I am currently trying to use Sphinx to attempt a normal speech recognition on an Australian Voice Model. I've gathered all the raw recordings for the voice model and am ready to start training Sphinx (I am using Sphinx4 by the way) to be able to recognise them.
I've got a few questions however:
1. Can I assume that Australian Voice Model and Australian Language Model would mean the same thing? I've come across many occurrences of "using my own language model" in the Sphinx FAQ and tutorials on CMU's page but I wasn't too sure if they actually meant the same thing
Could you please tell me where would be the best place to know more about training Sphinx to understand my raw data?
Thanks,
Suwandy
If you would like to refer to this comment somewhere else in this project, copy and paste the following link:
I apologise if I seem to be unpatient, but if this isn't the appropriate forum for me to post my question, could somebody please enlighten me? I am really new to all this speech recognition stuff and especially Sphinx. So I really need somekind of guidance to get started.
Thanks,
Suwandy
If you would like to refer to this comment somewhere else in this project, copy and paste the following link:
"Voice Models" are usually called "Acoustic Models" and are not the same as "Language Models". A language model is sort of like a grammar of a language, while an acoustic model is kind of like the pronunciation of a language. Since the difference between the pronunciation of Australian English and American is markedly different, you will get much better results by first training an acoustic model. There are differences in "grammar", too, so training a language model can help. Just remember that a language model is task dependent, so doing something like training on fiction and then using it for news broadcasts won't really be all that helpful.

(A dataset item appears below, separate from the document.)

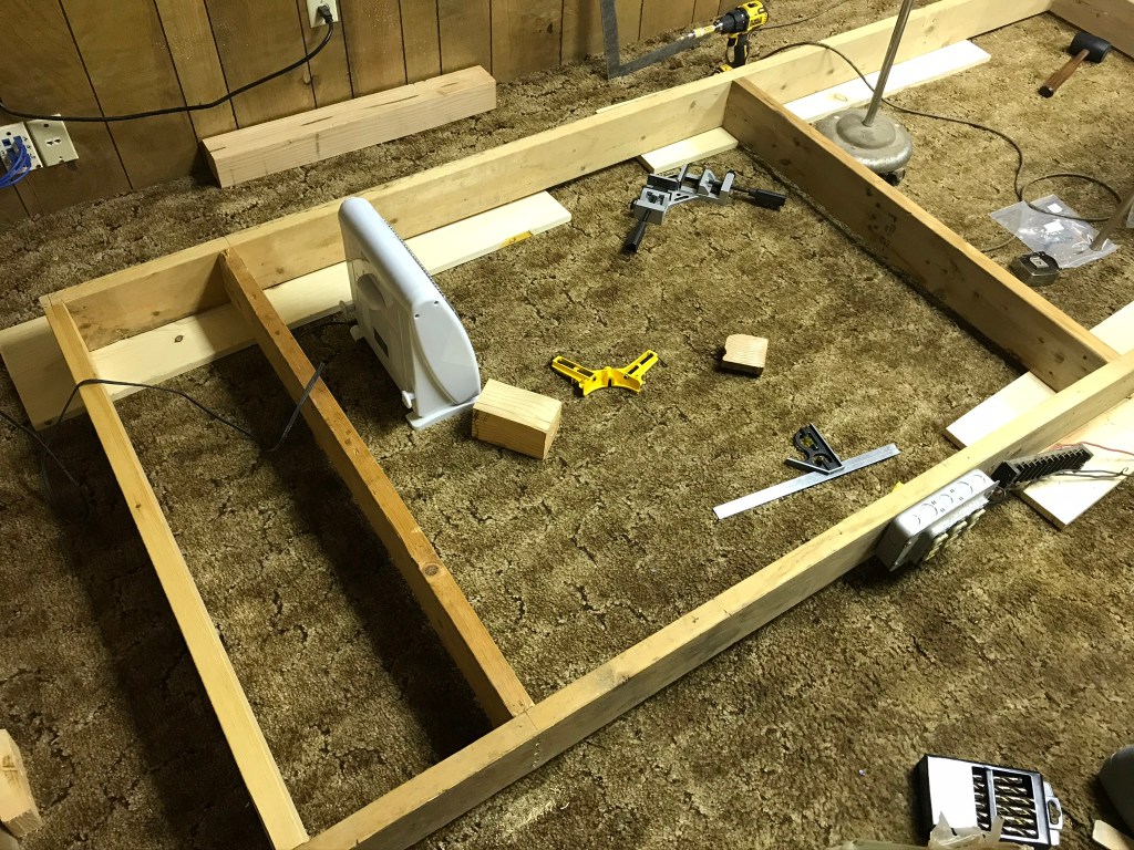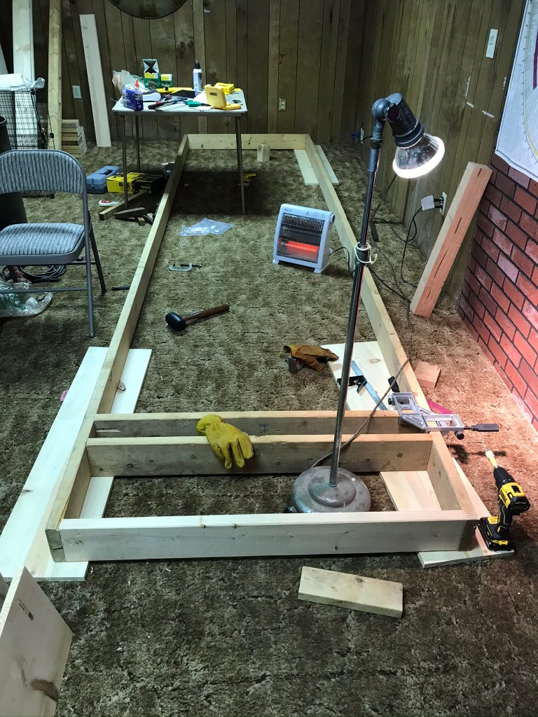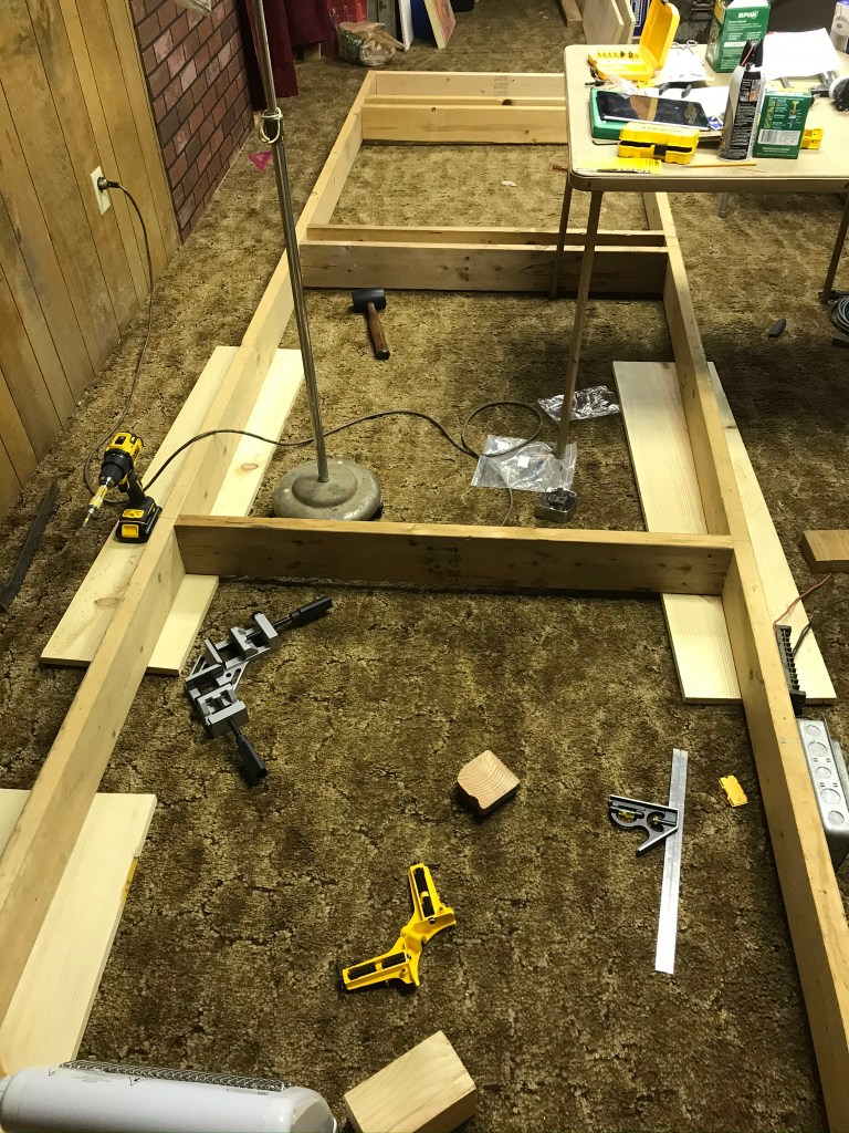 Using a souped up version of Greg Braun’s cantilever design, I started adding the first cross members for the leg support.

Anyway, as for training the acoustic model, you might consider "adapting" the already existing English models with your new Australian data. I haven't done this before, but I think I saw a post or two on the topic.
Best Wishes,
Robbie
If you would like to refer to this comment somewhere else in this project, copy and paste the following link:
thanks for the quick reply and the helpful answer :).
When you say "acoustic model is kind of like the pronunciation of a language", does it also refer to the different accent people may have?
The data I have is the ANDOSL (which is part of a government funded project). They took samples "as quoted from the website : Current data are from native speakers of Australian English and from non-native speakers of Australian English (first generation migrants having a non-English native language)."
That said, can I assume I don't need to train for a new language model then? since it's English anyway?
If you would like to refer to this comment somewhere else in this project, copy and paste the following link:
The answer to your question about pronunciation is: absolutely! When you train a speech recognizer to the "accent" of a single person, you can get much better results than if trained on the accent of people with lots of accents.
As for the language model, I would say that you will probably be okay to not train a new one; but, it's hard to make a blanket statement like that. What will you use the recognizer for? The best thing to do would probably be to add entries to the dictionary as necessary (all of the "australianisms" that appear in your training corpus for the acoustic model that aren't already in there), train your acoustic model, then test out your system with either the WSJ or HUB4 language models (or, if your application is even simpler, maybe even just a JSGF grammar). At that point, you might start to get a feel for how far training a new language model will get you.
regards,
Robbie
If you would like to refer to this comment somewhere else in this project, copy and paste the following link:
thanks again for the really quick helpful answer, it is very much appreciated.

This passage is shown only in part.